To better understand the relevance of the adipocyte MR, we generated a conditional transgenic mouse model allowing restricted and inducible MR overexpression (MROE) in an adipocyte-specific manner. These mice exhibit features of metabolic syndrome, including weight gain, insulin resistance, and dyslipidemia, with increased activation of prostaglandin D2 synthase (14). Considering the growing evidence that adipose tissue and adipokines influence vascular tone and that the aldosterone/MR system is involved in vascular pathology associated with cardiovascular disease, we questioned whether upregulation of adipocyte MR in mice leads to vascular dysfunction.

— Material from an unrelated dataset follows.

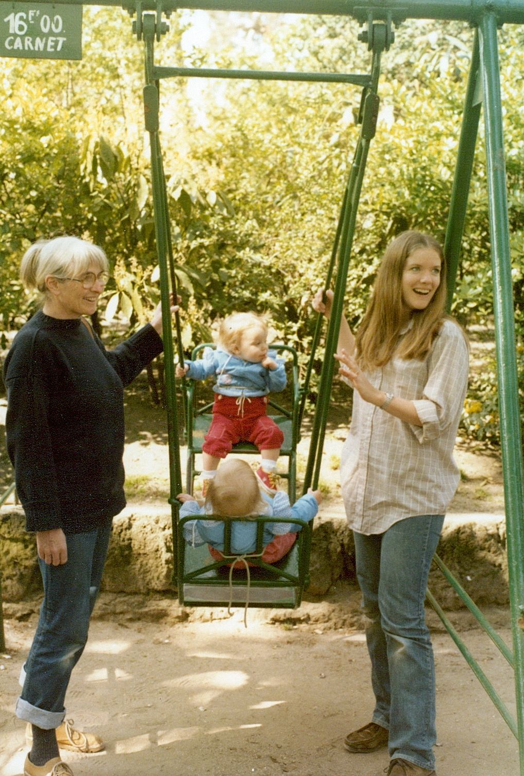 Hanging out with our mom and grandmother. (Look at the rope ties on the swings!)

Research Design and Methods
The study was approved by the University of Ottawa Animal Ethics Committee. All studies in animals were conducted in accordance with the National Institutes of Health Guide for the Care and Use of Laboratory Animals. All procedures followed were in accordance with institutional guidelines.
Generation of Mice Expressing Human MR in Adipocytes
We generated mice with targeted overexpression of human MR (hMR) in adipocytes using the conditional tetracycline-inducible system, as we recently reported (14) and summarized in Supplementary Fig. 1A and B. Double-transgenic adipocyte MROE (Adipo-MROE) mice were obtained by mating two strains: the monotransgenic tetO-hMR mouse and the monotransgenic transactivator aP2-rtTA mouse. In Adipo-MROE mice, hMR expression is switched on in adipocytes by administering doxycycline (Dox) (2 g/L for 4 weeks) (200 mg/kg Dox diet; Harlan Laboratories, Mississauga, Ontario, Canada). The litters consisting of Adipo-MROE, monotransgenic tetO-hMR, monotransgenic aP2-rtTA, and wild-type mice were born in the expected mendelian ratio (25% for each genotype). The last three groups, which displayed no molecular or functional differences among them, were considered as controls (control-MR). Blood pressure was measured by the tail-cuff method in 2- to 3-month-old mice. Mice were killed to recover mesenteric arteries and adipose tissues used for the subsequent manipulations of cell culture, histology, or biomolecular analysis.
Isolation and Culture of Mature Adipocytes From Mouse Adipose Tissue
Mouse Mature Adipocytes
Mouse abdominal epididymal visceral adipose tissue (EVAT) was obtained from 4-month-old male Adipo-MROE and their littermate control-MR mice. Mature adipocytes fraction was isolated and cultured at 37°C for 24 h, as previously described (12).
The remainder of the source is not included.